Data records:
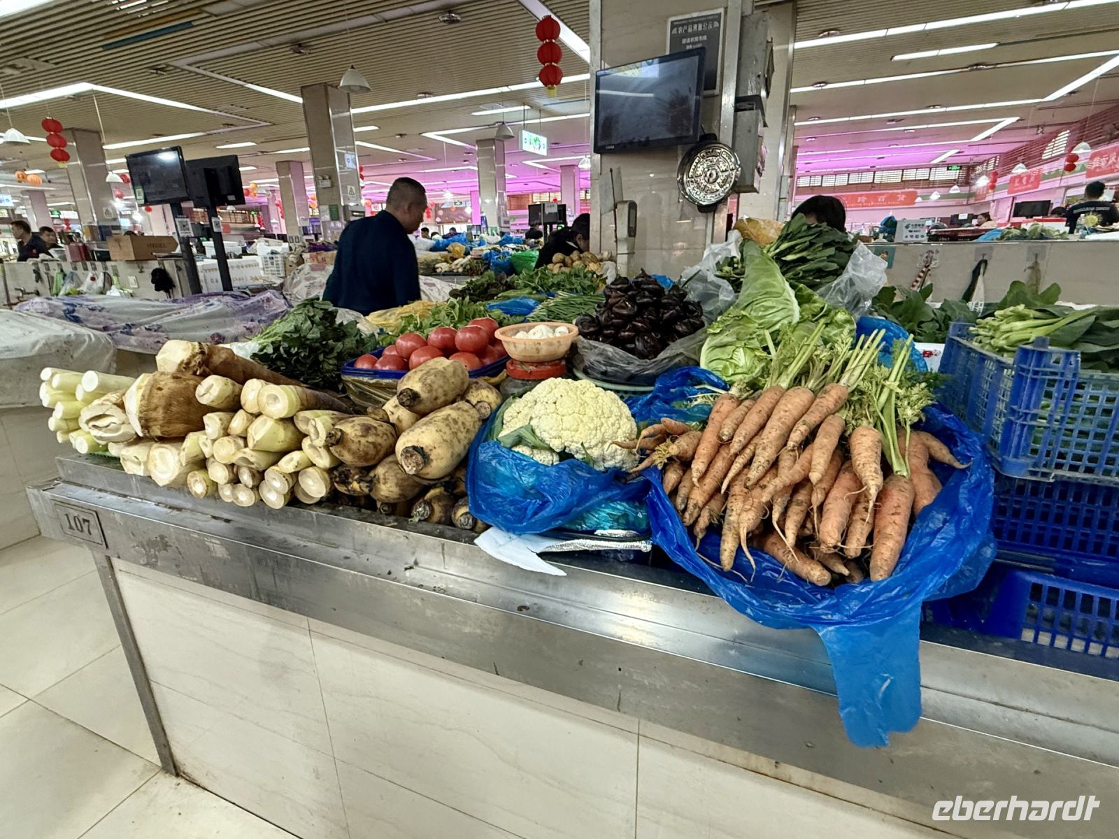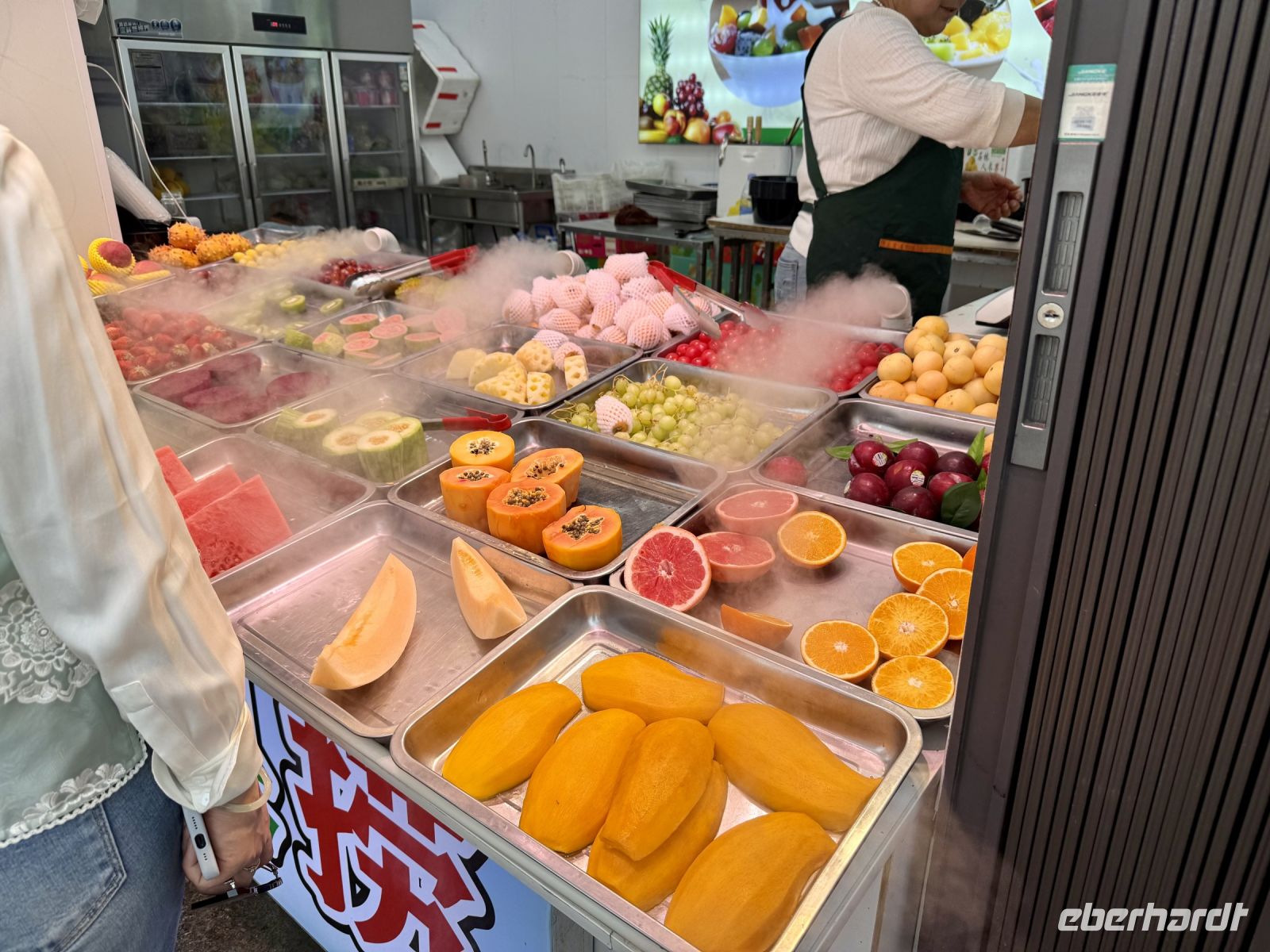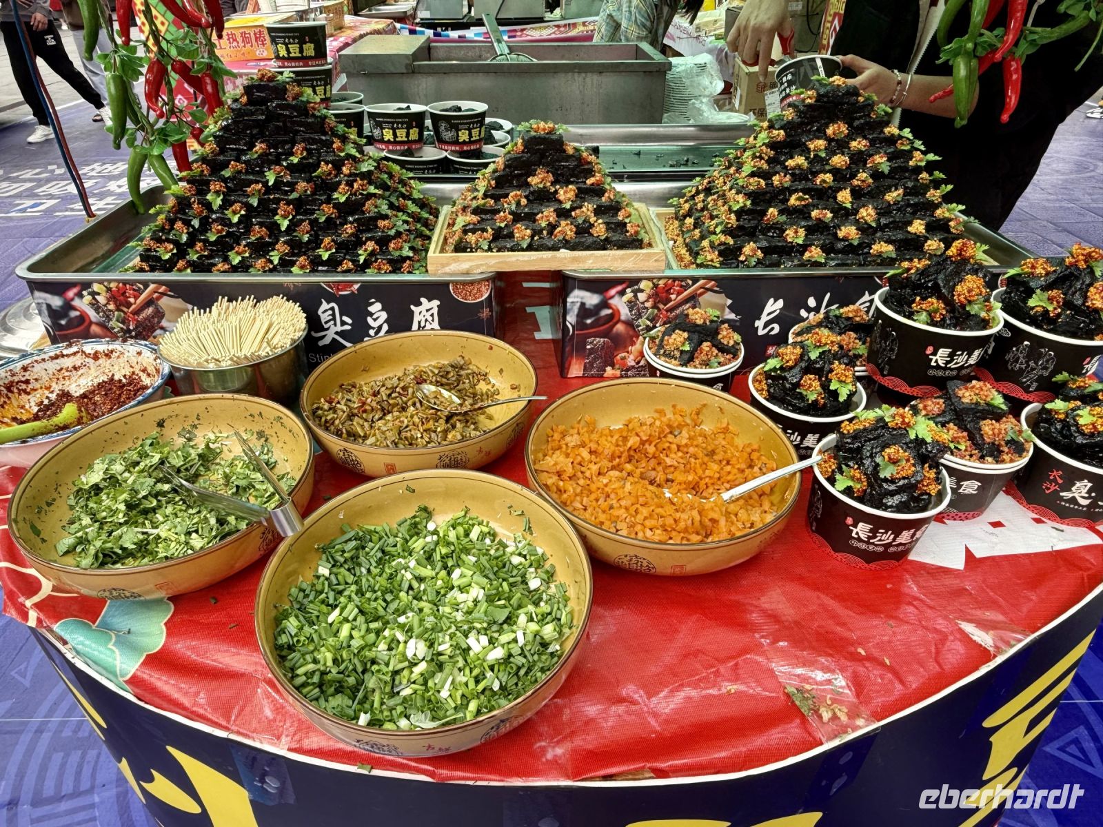 Nach diesem Bummel checkten wir im Hotel ein. Einige von uns zog es am Abend noch einmal auf einen der Märkte der Stadt, wo neben frischem Obst und Gemüse auch viele kulinarische Spezialitäten angeboten wurden. Die chinesische Marktkultur lebt von ihrer Vielfalt: Ob exotische Früchte wie Durian, Drachenfrucht und Jackfruit, geräucherte Tofu-Variationen oder süß-sauer eingelegtes Gemüse — der Markt war ein wahres Fest für die Sinne.
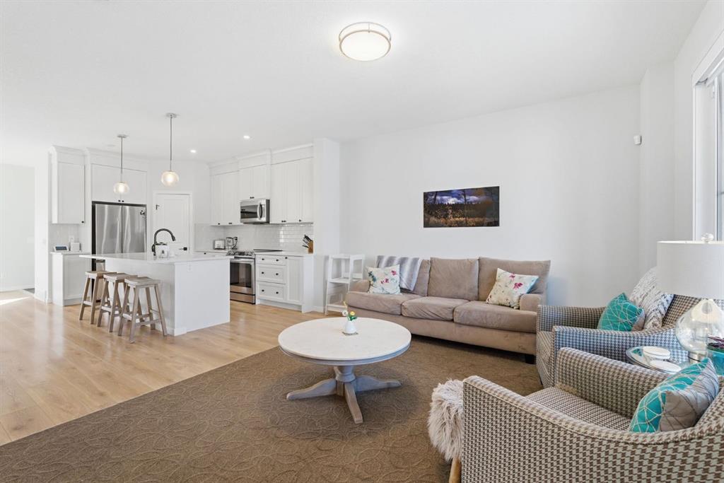 Upstairs, is the generously sized primary bedroom, complete with a walk-in closet and an ensuite bathroom featuring dual sinks, a separate shower, and stylish stone countertops. Two additional spacious bedrooms, a 4-piece main bathroom with stone counters, and the convenience of upper-level laundry complete this level. The fully developed lower level presents a 4th bedroom, an additional full bathroom, and an expansive recreation room, perfect for family gatherings and entertainment. This turnkey ready home is, just a short walk to Fireside School (K–8) and Holy Spirit Catholic School (K–8), along with scenic walking paths, playgrounds, restaurants, an outdoor rink, baseball diamond, and three soccer fields located in the heart of the community. A gas bar, pharmacy, and everyday conveniences are close by. Fireside is a complete, thoughtfully planned community offering schools, parks, open spaces, and commercial amenities. Its strong walkability encourages an active, family-oriented lifestyle, all just 15 minutes to Calgary and 45 minutes to the heart of the Rocky Mountains. Don’t miss the opportunity view the virtual tour or schedule your private showing today!
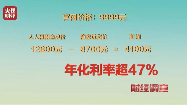 2025年4月,央视财经《财经调查》曝光其黑幕。以官网售价9999元的手机为例,消费者支付12期租金及买断金后,总支出达12798.1元,是官网售价的1.27倍,而商户进货价仅8700元,单台毛利约4100元,对应年化利率超47%。
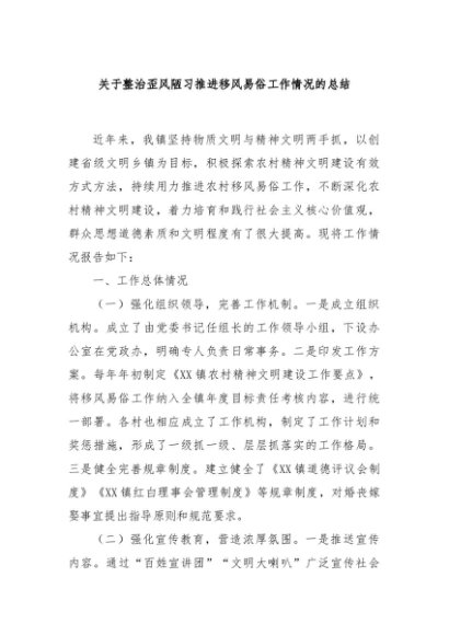 / 【七哥公文】2024年:关于整治歪风陋习推进移风易俗工作情况的总结+更多免费公文+VX:QiGeGongWen2024
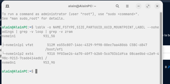 alain@AlainPC:~$ lsblk -o NAME,FSTYPE,SIZE,PARTUUID,UUID,MOUNTPOINT,LABEL --noheadings | grep -v loop | grep -v zram
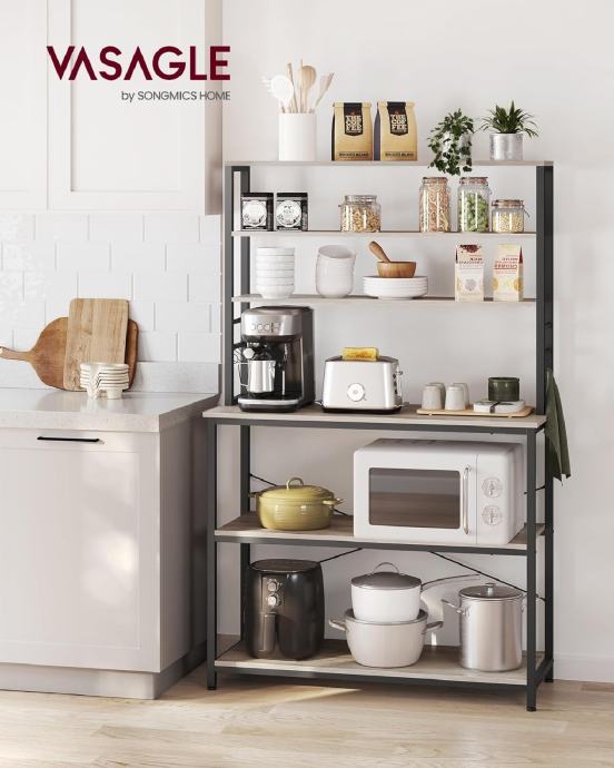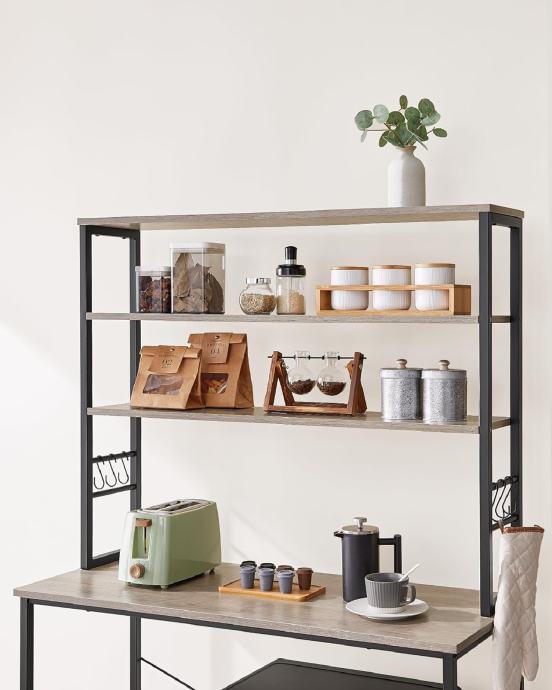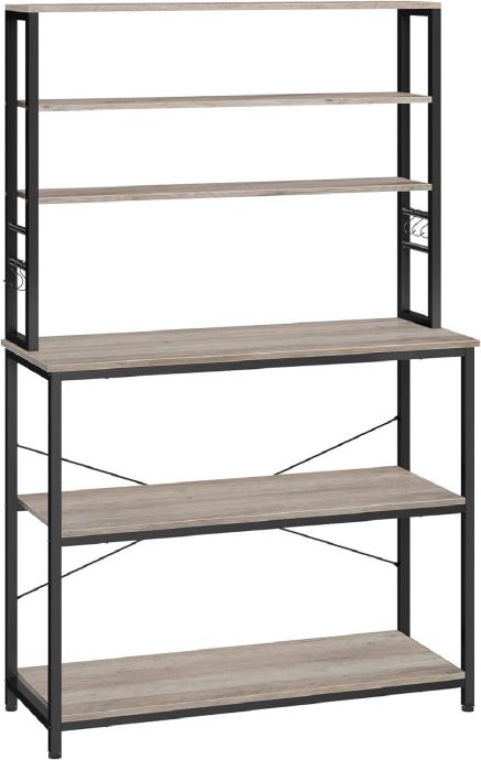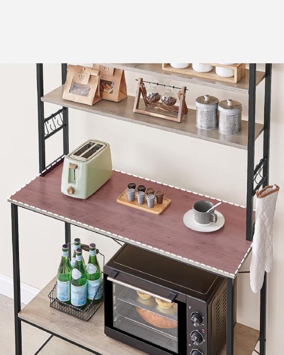 Kuhinjska polica Stalak Polica Polica za mikrovalnu Stalak 6 polica i 6 kuka Čelični okvir za mikrovalnu pećnicu Industrijski dizajn 40 x 60 x 167 cm Sivo crna
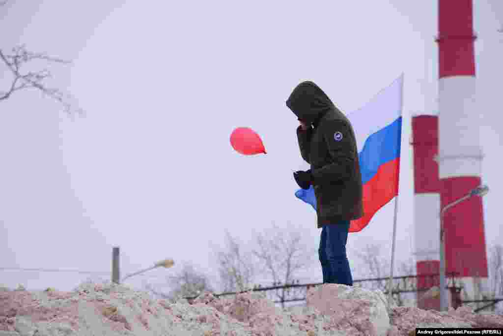 Протестующие держали в руках флаги России, красные воздушные шары, таблички со словом "забастовка", плакаты "18 марта выбираю забастовку", "Мне стыдно голосовать", "Сам не иду и вам не советую!", "Мне некого выбирать!"
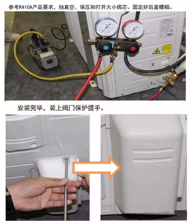 參考R410A產品要求,抽真空、保壓和打開大小閥芯、固定好后蓋螺帽。嚴禁采用機內冷媒排空!具體抽空步驟如下:

- **What the task requires**:
Pictures are to be dropped; every line of the records is to be returned unchanged.

- **Your response**:
 Nach diesem Bummel checkten wir im Hotel ein. Einige von uns zog es am Abend noch einmal auf einen der Märkte der Stadt, wo neben frischem Obst und Gemüse auch viele kulinarische Spezialitäten angeboten wurden. Die chinesische Marktkultur lebt von ihrer Vielfalt: Ob exotische Früchte wie Durian, Drachenfrucht und Jackfruit, geräucherte Tofu-Variationen oder süß-sauer eingelegtes Gemüse — der Markt war ein wahres Fest für die Sinne.
 Upstairs, is the generously sized primary bedroom, complete with a walk-in closet and an ensuite bathroom featuring dual sinks, a separate shower, and stylish stone countertops. Two additional spacious bedrooms, a 4-piece main bathroom with stone counters, and the convenience of upper-level laundry complete this level. The fully developed lower level presents a 4th bedroom, an additional full bathroom, and an expansive recreation room, perfect for family gatherings and entertainment. This turnkey ready home is, just a short walk to Fireside School (K–8) and Holy Spirit Catholic School (K–8), along with scenic walking paths, playgrounds, restaurants, an outdoor rink, baseball diamond, and three soccer fields located in the heart of the community. A gas bar, pharmacy, and everyday conveniences are close by. Fireside is a complete, thoughtfully planned community offering schools, parks, open spaces, and commercial amenities. Its strong walkability encourages an active, family-oriented lifestyle, all just 15 minutes to Calgary and 45 minutes to the heart of the Rocky Mountains. Don’t miss the opportunity view the virtual tour or schedule your private showing today!
 2025年4月,央视财经《财经调查》曝光其黑幕。以官网售价9999元的手机为例,消费者支付12期租金及买断金后,总支出达12798.1元,是官网售价的1.27倍,而商户进货价仅8700元,单台毛利约4100元,对应年化利率超47%。
 / 【七哥公文】2024年:关于整治歪风陋习推进移风易俗工作情况的总结+更多免费公文+VX:QiGeGongWen2024
 alain@AlainPC:~$ lsblk -o NAME,FSTYPE,SIZE,PARTUUID,UUID,MOUNTPOINT,LABEL --noheadings | grep -v loop | grep -v zram
 Kuhinjska polica Stalak Polica Polica za mikrovalnu Stalak 6 polica i 6 kuka Čelični okvir za mikrovalnu pećnicu Industrijski dizajn 40 x 60 x 167 cm Sivo crna
 Протестующие держали в руках флаги России, красные воздушные шары, таблички со словом "забастовка", плакаты "18 марта выбираю забастовку", "Мне стыдно голосовать", "Сам не иду и вам не советую!", "Мне некого выбирать!"
 參考R410A產品要求,抽真空、保壓和打開大小閥芯、固定好后蓋螺帽。嚴禁采用機內冷媒排空!具體抽空步驟如下:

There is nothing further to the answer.